Data warehouse construction | ODS, DWD, DWM and other theoretical combat)

start of text

Contents of this article:

1. Data flow
2. Application examples
3. What is a data warehouse DW
4. Why layering
5. Data layering
6. Data mart
7. Problem summary

guide

In the process of building a data warehouse, in terms of data organization and management , it is not only necessary to divide the subject areas vertically according to the business, but also to standardize the horizontal data warehouse layering. The author of this article analyzes the layering of enterprise data warehouses, hoping to help you.

Those who are engaged in data warehouse related work know that one of the first tasks of data warehouse model design is to carry out

model layering

, it can be seen that model layering is important in the model design process. Indeed, excellent layering design is the core element for the success of a data warehouse project. Making data easy to understand and highly reusable is the core goal of layering.

, What is Data Warehouse DW

Data warehouse (can be abbreviated as DW or DWH ) data warehouse is a complete set of theoretical systems including etl , scheduling, and modeling when there are already a large number of databases . The purpose of the data warehouse program construction is to serve as the basis for front-end query and analysis, mainly used in OLAP ( on-line Analytical Processing ), support complex analysis operations, focus on decision support, and provide intuitive and easy-to-understand query results. Currently popular in the industry are: AWS Redshift , Greenplum , Hive, etc. The data warehouse is not the final destination of the data, but prepares for the final destination of the data. These preparations include: cleaning, escaping, classification, reorganization, merging, splitting, statistics, etc.                 

1. Main features

  • subject-oriented
    • The operational database organization is oriented to transaction processing tasks, while the data in the data warehouse is organized according to certain subject areas.
    • Theme refers to the key aspects that users care about when using the data warehouse to make decisions. A theme is usually related to multiple operational information systems.
  • integrated
    • Need to process and integrate source data, unify and synthesize
    • In the process of processing, the inconsistency of source data must be eliminated to ensure that the information in the data warehouse is consistent global information about the entire enterprise. (connection relation)
  • Unchangeable
    • The data in DW is not up-to-date, but comes from other data sources
    • The data warehouse mainly provides data for decision-making analysis, and the operations involved are mainly data queries
  • related to time
    • The data in the data warehouse needs to be marked with time attributes for decision-making needs

Comparison with database

  • DW : Specifically designed for data analysis, which involves reading large amounts of data to understand relationships and trends between the data
  • Database: used to capture and store data

4. Why layering

Issues involved in data warehouse:

  1. Why do a data warehouse?
  2. Why data quality management?
  3. Why metadata management?
  4. What is the role of each layer in the data warehouse layering?

In actual work, we all hope that our data can flow in an orderly manner, and designers and users can clearly know the entire life cycle of data, such as the left picture below.          However, in reality, the data situation we are facing is likely to be highly complex and hierarchically chaotic. We may create a data system with chaotic table dependency structure and circular dependency.

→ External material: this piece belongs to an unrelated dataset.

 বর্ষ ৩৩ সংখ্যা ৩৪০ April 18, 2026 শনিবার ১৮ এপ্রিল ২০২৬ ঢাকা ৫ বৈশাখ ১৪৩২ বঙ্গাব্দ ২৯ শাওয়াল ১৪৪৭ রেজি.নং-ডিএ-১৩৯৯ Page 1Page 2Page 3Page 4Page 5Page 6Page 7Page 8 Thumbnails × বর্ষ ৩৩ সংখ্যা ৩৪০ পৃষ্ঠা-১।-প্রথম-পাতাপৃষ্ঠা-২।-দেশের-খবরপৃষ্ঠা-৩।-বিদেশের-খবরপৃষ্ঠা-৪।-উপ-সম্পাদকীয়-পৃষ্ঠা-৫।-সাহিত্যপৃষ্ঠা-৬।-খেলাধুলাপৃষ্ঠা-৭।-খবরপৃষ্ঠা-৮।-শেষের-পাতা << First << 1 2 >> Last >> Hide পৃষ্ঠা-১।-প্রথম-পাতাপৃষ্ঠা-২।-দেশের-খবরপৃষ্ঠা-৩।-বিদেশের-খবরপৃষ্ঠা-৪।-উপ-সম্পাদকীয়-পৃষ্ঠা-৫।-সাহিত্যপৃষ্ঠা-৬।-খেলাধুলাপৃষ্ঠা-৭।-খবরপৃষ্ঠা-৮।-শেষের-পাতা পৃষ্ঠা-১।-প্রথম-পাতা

In order to solve the problems we may face, we need a set of effective data organization, management and processing methods to make our data system more orderly, which is data layering . Benefits of data tiering:

  • Clear data structure: Let each data layer have its own roles and responsibilities, which can be more convenient and understandable when using and maintaining
  • Complex problem simplification: a complex task is disassembled into multiple steps to complete step by step, and each layer only solves a specific problem
  • Unified data caliber: Provide unified data export and unified output caliber through data layering
  • Reduce repetitive development: Standardize data layering and develop a common middle layer, which can greatly reduce the work of repeated calculations

5. Data Layering

Each company's business can be stratified into different levels according to its own business needs; the current relatively mature data stratification: data operation layer ODS , data warehouse layer DW , data service layer ADS (APP) .

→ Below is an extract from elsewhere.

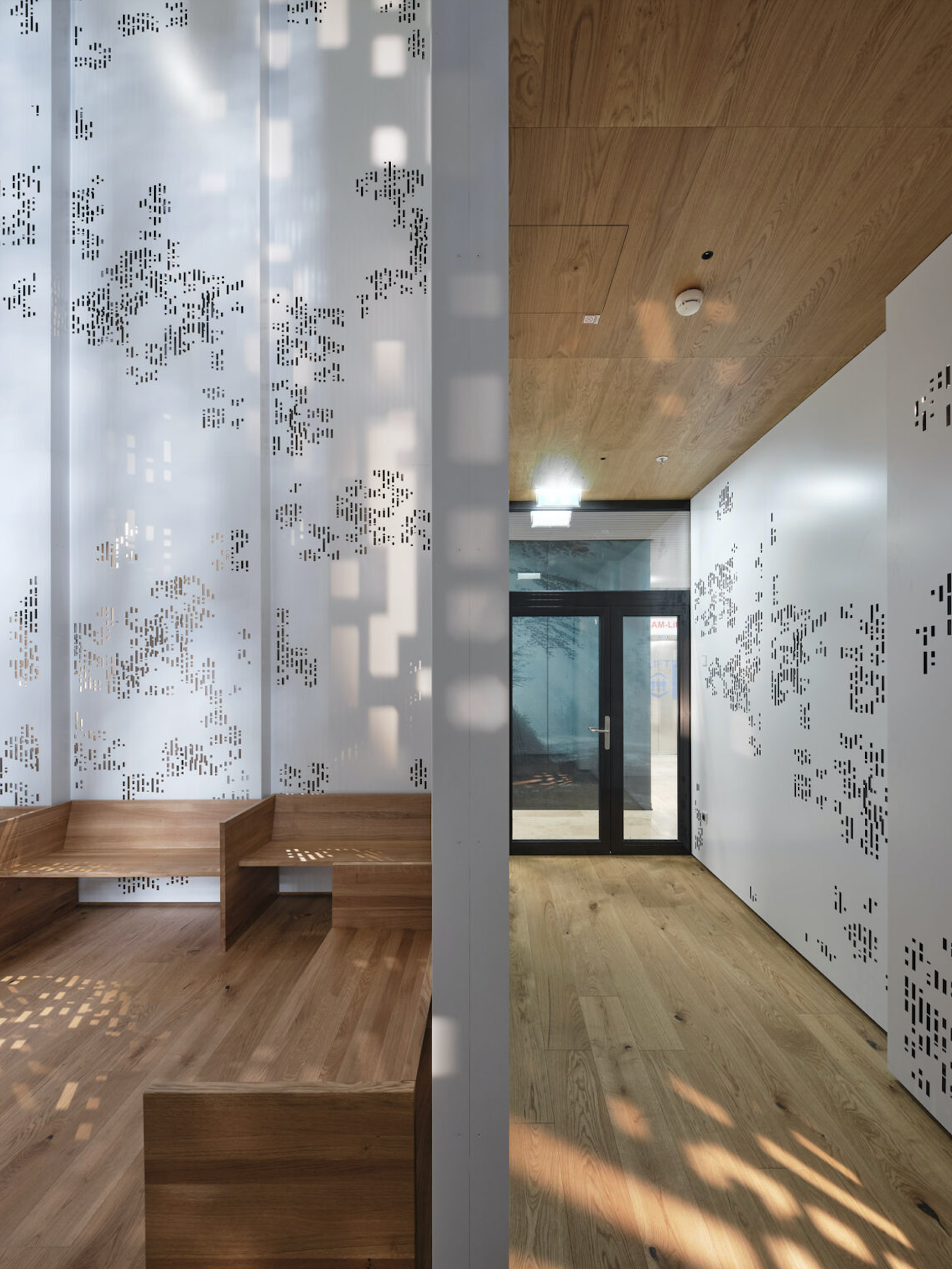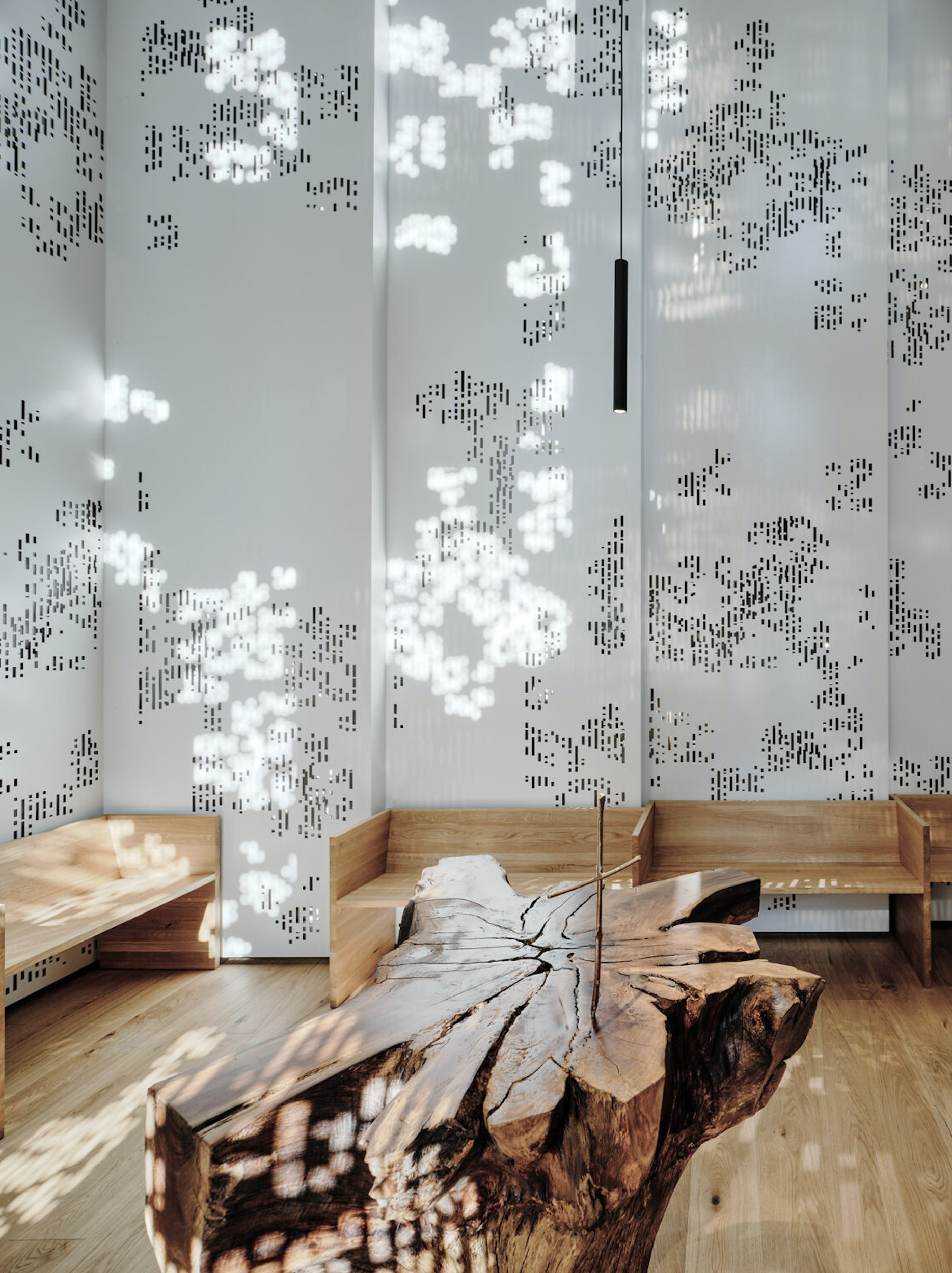 Государственная больница города Грац в Австрии, как и многие другие больницы по всему миру, заботится о психологическом здоровье посетителей и пациентов. Для того чтобы им было где провести время в покое, была обустроена небольшая часовня площадью всего 35 кв. метров. Формально христианская, она фактически представляет собой не каноническое, а научно и художественно спроектированное пространство психологической реабилитации. Дизайн основан на современных исследованиях в области нейробиологии и экологической психологии. Для создания теплой атмосферы в интерьере сочетаются натуральные материалы, дневной свет и органические формы. Кроме того, в оформлении использованы фрактальные паттерны, созданные с помощью специальной компьютерной программы, эффективность которых в снижении стресса подтверждена экспериментально учеными NASA.

1. Data operation layer ODS

Data operation layer: Operation Data Store data preparation area, also known as paste source layer. The data in the data source enters this layer after extraction, cleaning, and transmission, that is, the ETL process. The main functions of this layer:

  • ODS is the preparation area for the data warehouse layer behind
  • Provide raw data for DWD layer
  • Reduce impact on business systems

When the source data is loaded into this layer, such as denoising (for example, the age of a person in a piece of data is  300 years old, which is abnormal data, some processing needs to be done in advance), deduplication ( for example, in the personal data table In the same  ID , there are two duplicate data, and a series of operations such as one - step deduplication, field naming specification, etc. are required when accessing . However, in order to consider the possibility of data traceability in the future, it is not recommended to do too much data cleaning work for this layer. It is also possible to access the original data intact, and do it according to the specific layering requirements of the business. The data at this layer is the source of subsequent data warehouse processing data. The way of data source :        

  • Business library
    • Sqoop is often used to extract, for example, once a day.
    • In terms of real-time, you can consider using canal to monitor the mysql binlog and access it in real time.
  • Buried log
    • Logs are generally saved in the form of files, and you can choose to synchronize them regularly with flume
    • You can use spark streaming or Flink for real-time access
    • kafkaOK
  • Message queue: data from ActiveMQ , Kafka, etc.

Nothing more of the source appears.